Can Long-term Contraceptives for Teens work in New Zealand? It’s Successful in Colorado

A new research has revealed that long-term contraceptive measures are much more effective than other forms in preventing accidental pregnancies – such as pills – mostly because they do not require day to day supplementation. Results showed a decline in births for unmarried women under 25 who had not finished high school – another group vulnerable to unplanned pregnancies.

The change in numbers was particularly prominent in the poorest areas, such as Walsenburg in southern Colorado, where there is a scarcity of jobs and a high number of unplanned pregnancies. “If we want to reduce poverty, one of the simplest, fastest and cheapest things we could do would be to make sure that as few people as possible become parents before they actually want to,” Brookings Institution economist Isabel Sawhill told the New York Times

She has argued that single parenthood is a principal driver of inequality.

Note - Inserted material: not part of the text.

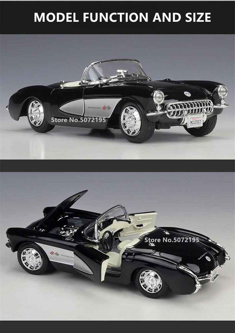Модель автомобиля Maisto 1:24 из сплава для Chevrolet Corvette 1957 Mustang Roadster, Коллекционные Подарочные игрушки

Susan Thompson Buffett Foundation funded the Colorado’s programme. The state failed to get public funding this year, which may slow the programme’s progress, but family planning advisers are optimistic it would not stop it.

In New Zealand, academics at the University of Otago have suggested that New Zealand needs a free, long-acting contraceptive programme in an article published in the British Journal of Obstetrics and Gynaecology. In the developed world, New Zealand has the second-highest teen pregnancy rate after the United States,, according to a report by the Social Policy Evaluation and Research Unit.

According to Teara, rates of births to younger women were lowest in Switzerland, Japan, the Netherlands, Sweden and Denmark. These countries all had rates of six per 1,000 or less, despite reported youthful sexual experience in Scandinavian countries. While the rate of teenage pregnancy is high in New Zealand relative to other OECD countries, the percentage of all births that are to women under 20 years old has seen a dramatic drop since the 1970s.